I chose to compete in a CBVA A-level tournament last weekend 1) with a partner I’ve never played with before 2) on my weaker side (right side) and 3) at a beach I hadn’t played on in years. We went 1-2 and did not even make it out of pool play. The format was one game to 28 points and we got too far behind in a couple of matches to come back from the deficit. Looking back, this was kind of a train wreck…but I’m a forward thinking person and like to look at the positive side of any experience – there are lessons to be learned at every turn. Below are some reasons why I decided to play in this tournament and some after thoughts:

  • I wanted to compete in an “uncomfortable” environment in order to de-sensitize myself to things such as acclimating to new people/surroundings and learning to “read” players (i.e. shot tendencies, strengths and vulnerabilities) I’ve never seen play before.

I realized that when it comes to playing beach volleyball, once my feet are in the sand and the game starts, that’s all that matters – I’m mentally and physically engaged, and ready for battle. As such, I proved to myself that I’ll be able to compete at any beach/venue regardless of the weather, sand type (fine, gritty, gravel) or sand depth without it drastically affecting my play. Having spent so much time in the sand in my life, it’s actually where I’m most comfortable…and I was able to confirm that for myself before competing in a tournament with higher stakes.
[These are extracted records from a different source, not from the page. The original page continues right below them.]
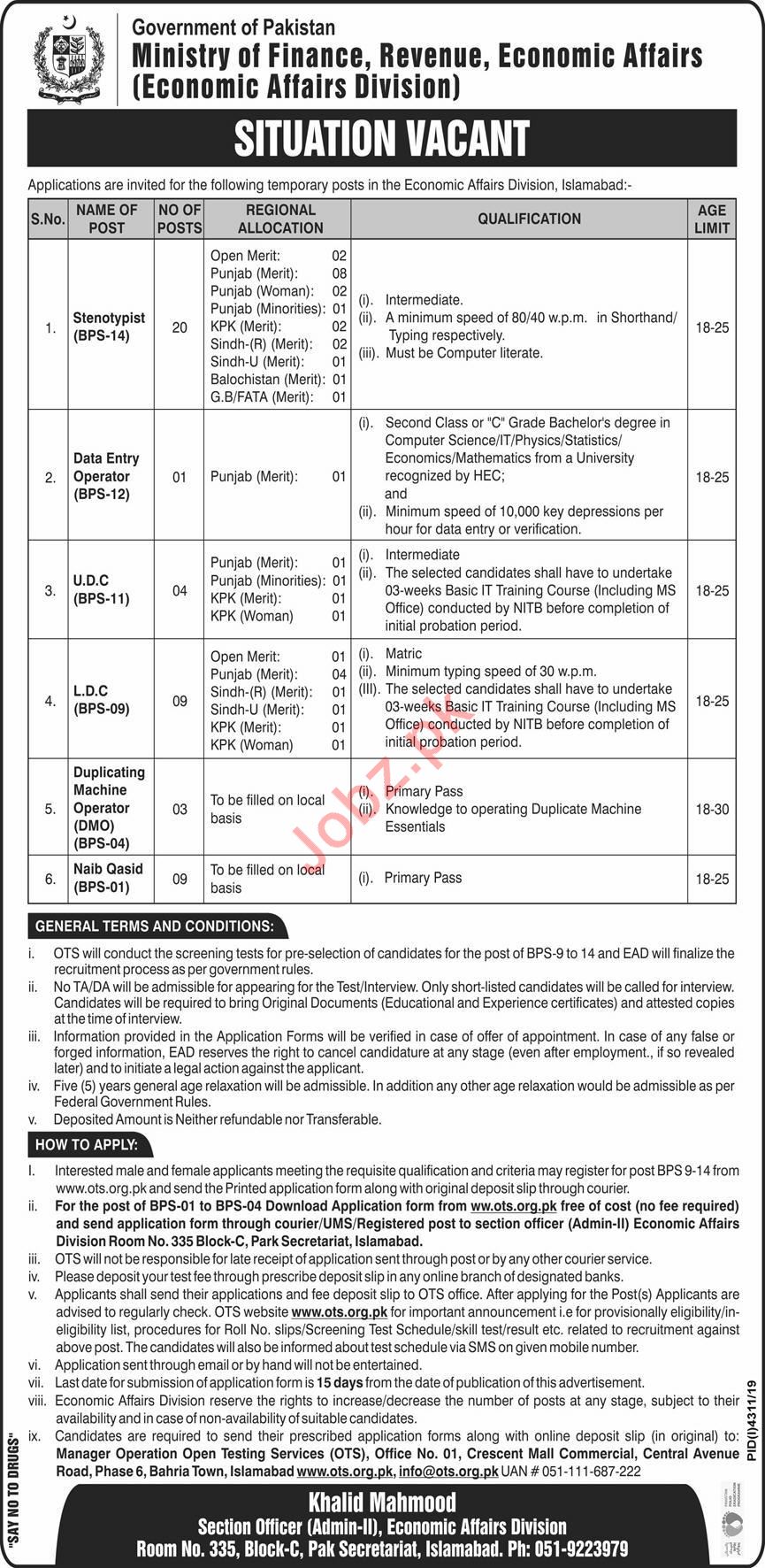 Ministry of Finance, Revenue & Economic Affairs Government of Pakistan Economic Affairs Division invites applications from qualified and experienced candidates for the posts of Steno Typist, Data Entry Operator DEO, Upper Division Clerk UDC, Lower Division Clerk LDC, Duplicating Machine Operator and Naib Qasid in Islamabad through Open Testing Services OTS 2020.
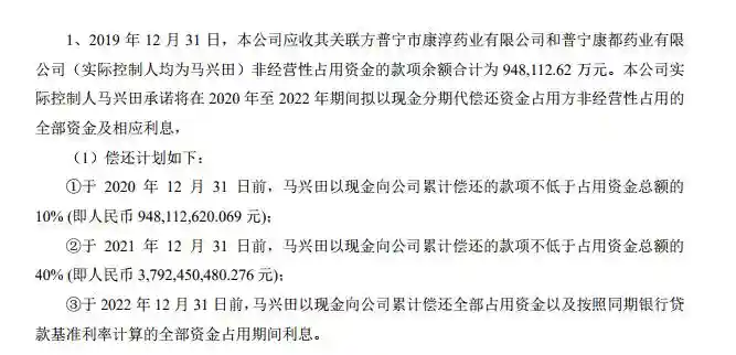 2025年年报中,康美药业披露的马兴田偿还资金计划。
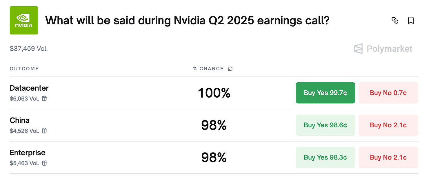 All eyes on Nvidia this week as Q2 earnings land Wednesday, August 27, 2025, right after the market close. On Polymarket, traders are betting on which buzzwords will pop up in the call. Simultaneously, Nvidia is grappling with regulatory headwinds in China, halting H20 chip production and fast‑tracking a new AI chip.
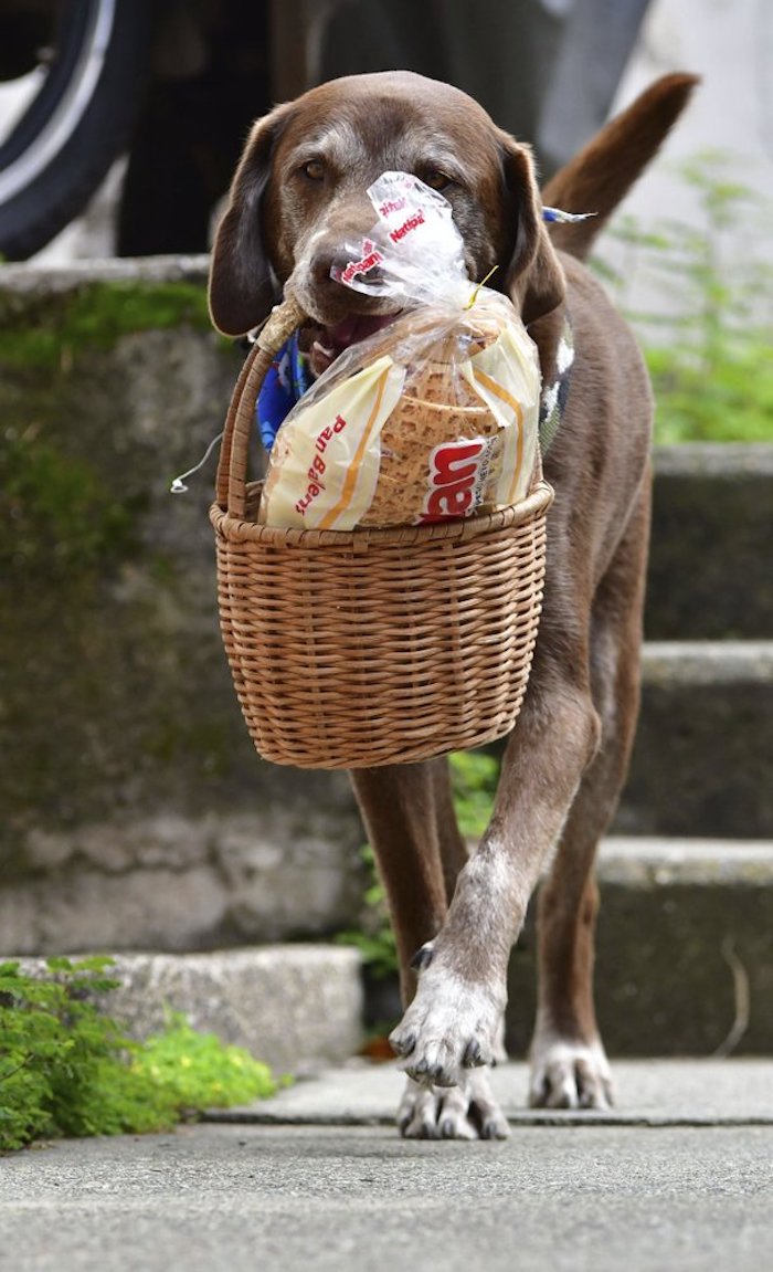 MEDELLÍN, 8 de julio (AP) — Eros, de ocho años, trota por las calles de Medellín varias veces al día con una cesta de paja en su hocico, llevando verduras, frutas y comida empacada a los clientes del mercado El Porvenir. El perro labrador color chocolate es recompensado con meriendas y masajes en su peluda cabeza.
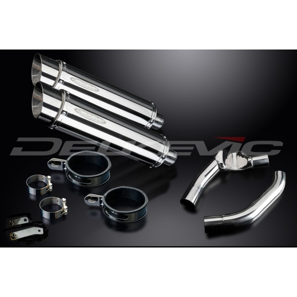 • This set includes - Delkevic silencers with removable baffles, link pipes, straps, clamps, and brackets.

The nice thing about playing against players you know is that you have a sense of how to play against them. You know, to some degree, what to expect from them and what it will take to beat them. When playing someone for the first time however, there is a little bit of a learning curve where you must apply fundamental volleyball knowledge (i.e. it’s hard for a player to spike down line when coming in at an extreme angle to attack the set) towards an opponents playing style in hopes to “figure them out” and effectively defend against them. My take away here (from playing in the A) is that when I get back to competing in the AAA/Open-level tournaments against players I’m more familiar with, I’ll be reminded to constantly look at them with fresh eyes in an effort to “figure out” their game out as it is TODAY. I expect that other players are working to improve their game just as I am and that means I’ll need to enter each match without predetermined expectations, as that would just sabotage myself from being as mentally focused as I need to be.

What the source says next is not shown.